▽

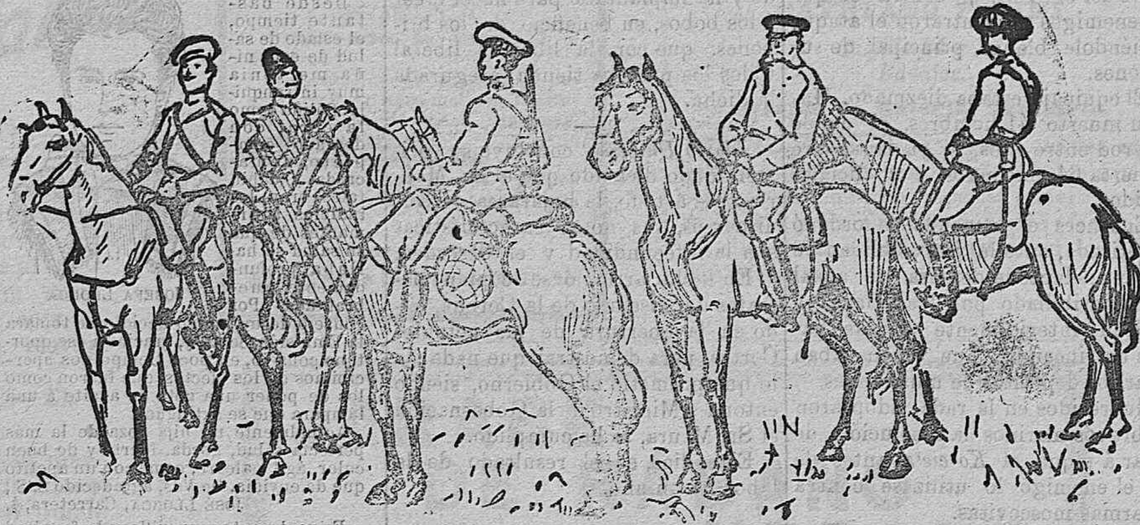
Hulano. Cosaco del Ural. Soldado de la Guardia. General. Oficial de Cosacos de Amur.

Hay que venir á la producción del alcohol industrial, hay que venir en ello; para esto no hay otro recurso que dejar libre esta industria en los comienzos, eximiendo de impuestos á las primeras materias y conservando el impuesto sobre el producto rectificado, á una graduación determinada, en cuyo caso sólo podrá venderse.
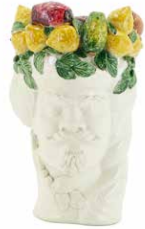
201205,MN NO FACE HEAD VASE MAN H32
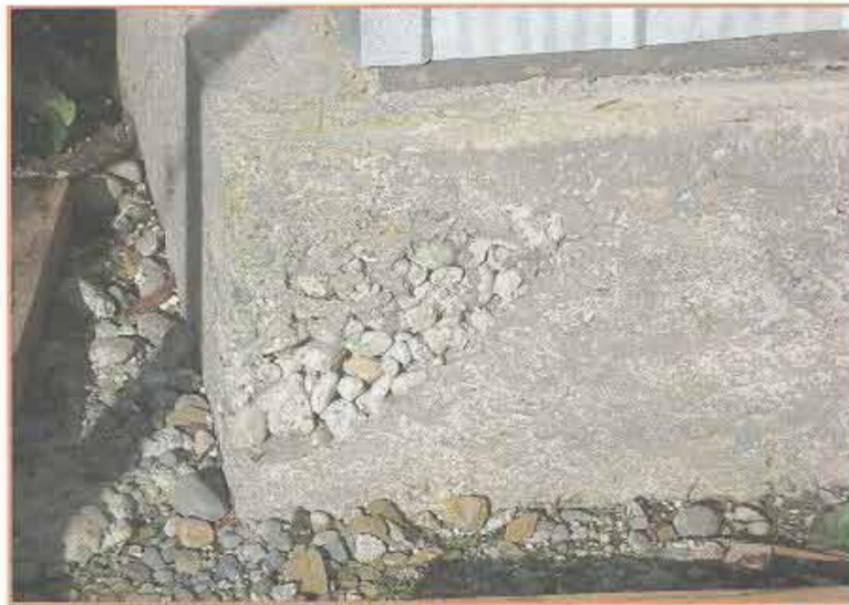
Fotografía N° 8 Cimientos de hormigón con nidos.
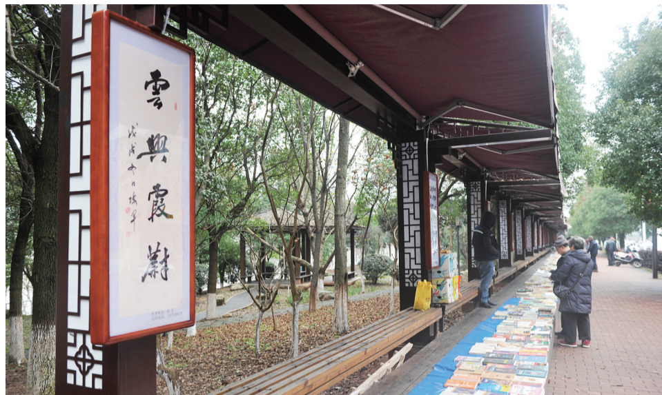
▲书画长廊

目前,我市的省“两型村庄”已达6个,另外两个为2016年入选的荷塘区仙庾村、樟霞村。
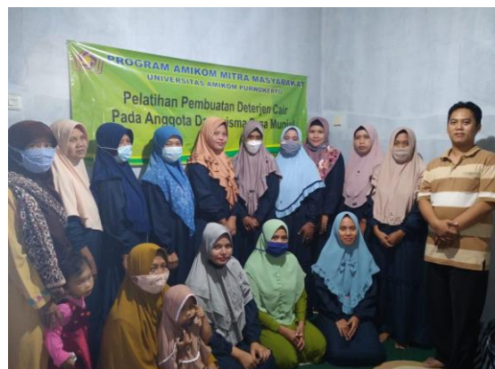
Gambar 6. Foto Bersama Peserta

Setelah dilakukan penutupan kegiatan pada pukul 17.30 WIB dilakukan acara sesi foto bersama dengan anggota dasawisma.

△

Exercise description >>
Repeat the data exactly. No pictures should appear.

Your response >>
Hulano. Cosaco del Ural. Soldado de la Guardia. General. Oficial de Cosacos de Amur.

Hay que venir á la producción del alcohol industrial, hay que venir en ello; para esto no hay otro recurso que dejar libre esta industria en los comienzos, eximiendo de impuestos á las primeras materias y conservando el impuesto sobre el producto rectificado, á una graduación determinada, en cuyo caso sólo podrá venderse.
201205,MN NO FACE HEAD VASE MAN H32
Fotografía N° 8 Cimientos de hormigón con nidos.
▲书画长廊

目前,我市的省“两型村庄”已达6个,另外两个为2016年入选的荷塘区仙庾村、樟霞村。
Gambar 6. Foto Bersama Peserta

Setelah dilakukan penutupan kegiatan pada pukul 17.30 WIB dilakukan acara sesi foto bersama dengan anggota dasawisma.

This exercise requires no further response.